Some of the aforementioned extension contain support for more sequential UUID types than just ULIDs. Some (like spa5k’s uids-postgres) also support KSUIDs, for example. Then, there a couple more extensions, that don’t support ULIDs, but do support, other sequential UUIDs; Modular Finance’s pg-xid, for example, specifically supports another contending sequential UUID spec: XID.

😵 🥴

Overwhelmed by the choices, I let the matter rest for some months, until I encountered the pg_uuidv7 extension, through which I learned about 3 proposed successors to UUID v. 1 through 5:

  1. UUID version 6 very much resembles UUIDv1, but with the timestamp bytes encoded in sortable order. The time stamp is still based off of a Gregorian timestamp source.
  2. UUID version 7 simplifies UUIDv1 by using a UNIX timestamp instead of Gregorian-based timestamp. The least significant 62 bits may be used either for sub-second precision, some sort of sequence counter or filled with pseudo-random data. 👑
  3. UUID version 8 seems to me to be an extra flexible variant, with freedom of which type of timestamp to use, freedom of the precision of that timestamp, and freedom of how to fill the rest of available (less significant) bits after the timestamp.

Knowing that a likely successors to UUIDv1 through v5 are on the horizon, the choice for UUIDv7 seems to me to be the most obvious choice. And pg_uuidv7 seems to me the most straight-forward implementation thereof, because:

  • pg_uuidv7 only supports UUIDv7, which is the only UUID format I need for FlashMQ.com.
  • pg_uuidv7 is implemented in C and thus introduces no additional dependencies.
  • The naming of uuid_generate_v7() is consistent with uuid_generate_v1() through uuid_generate_v5 from the standard uuid-ossp contrib module, which will make it easy for me to swap to that contrib module if/when that function is added there. (Should I do a PR myself based on the uuid_generate_v7() implementation by @fboulnois?)

Before I go on to the full comparison table below, let me highlight a pure PL/pgSQL implementation of UUIDv6 and UUIDv7 as well: this gist by @fabiolimace.

Overview of sequential UUID generation projects for PostgreSQL
Project Ext. Lang. Sequential UUID generation algorithm
ULID KSUID XID UUIDv6

UUIDv7 Other
sequential-uuids C 🦆
uids-postgres Rust
pgulid PL/pgSQL
pg-xid PL/pgSQL
pg_idkit Rust 🦆
pg_uuidv7 C
https://gist.github.com/fabiolimace’s gist PL/pgSQL

In case you’re wondering, the enemy (Microsoft SQL Server) ships with the non-standard NEWSEQUENTIALID() function.

Rapidly firing myself in the foot with C pointers

Now that I am dedicated to becoming a somewhat decent C programmer, I need to master pointers. Last week, I leveled up in my pointer usage by debugging a particularly nasty segfault.

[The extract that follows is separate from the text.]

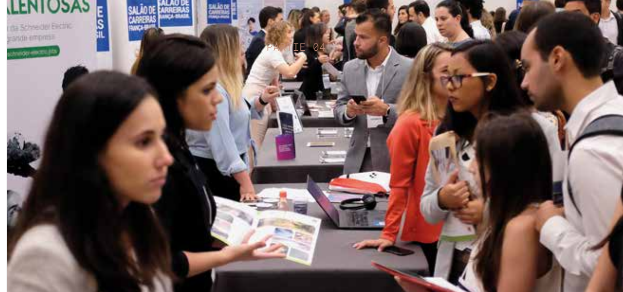
↑ Salon Carrières, Sao Paulo, Brésil, 12 novembre.

Une quarantaine d'alumni et d'entreprises ont participé au lancement de France Alumni Burundi en juillet, lors d'une soirée conviviale, en présence de l'Ambassadeur de France.

It took the help of gdb (the GNU Project Debugger) for me to notice that my segfault was accompanied by very weird values for some increment counters, while the pointer involved was a char* pointer, not a pointer to an int.

GDB

First, some notes on the GNU Project Debugger: it’s excellent! And … it’s easy to use. I have no idea why looong ago, when as a budding programmer I was trying to use it, I had so much trouble using it that it stuck into my memory as a very tough tool to use. Well, this is not the same brain anymore, so time to get rid of all these printf() statements everywhere (that I wouldn’t dare use in a programming language that I do have some fluency in, mind you!) [lines of shame: L45, L100, L101, L119 ].

With the help of gdb xjot-to-xml (and then, from within GDB, run < my-test-file.xjot), I noticed that some of the ints I used to track byte, line and column positiion had ridiculously high values for the input line, especially since I was pretty sure that my program crashed already on the first character.

In GDB, such things are easy to find out: you can very simply set a breakpoint anywhere:

break 109
run < tests/element-with-inline-content.xjot
Starting program: /home/bigsmoke/git/xjot/xjot-to-xml < tests/element-with-inline-content.xml
a
b

Breakpoint 1, _xjot_to_xml_with_buf (in_fd=537542260, out_fd=1852140901, buf=0x6c652d746f6f723c, buf_size=1024)
    at xjot_to_xml.c:109
109                 byte = ((char*)buf)[0];

From there, after hitting the breakpoint, I can check the content of the variable n that holds the number of bytes read by read() into buf.

print n
$1 = 130

So, the read() function had read 130 bytes into the buffer. Which makes sense, because element-with-inline-content.xjot was 128 characters, and the buffer, at 1024 bytes, is more than sufficient to hold it all.

But, then line_no and col_no variables:

(gdb) print line_no
$2 = 1702129263
(gdb) print col_no
$4 = 1092645999

It took me a while to realize that this must have been due to a buffer overrun. Finally, I noticed that I was feeding the address of the buf pointer to read() instead of the value of the pointer.

(I only just managed to fix it before Wiebe, out of curiosity to my C learning project, glanced at my code and immediately spotted the bug.)

The value of pointers

C is a typed language, but that doesn't mean that you cannot still very easily shoot yourself in the foot with types, and, this being C, it means that it's easiest to shoot yourself in the foot with the difference between pointers and non-pointers.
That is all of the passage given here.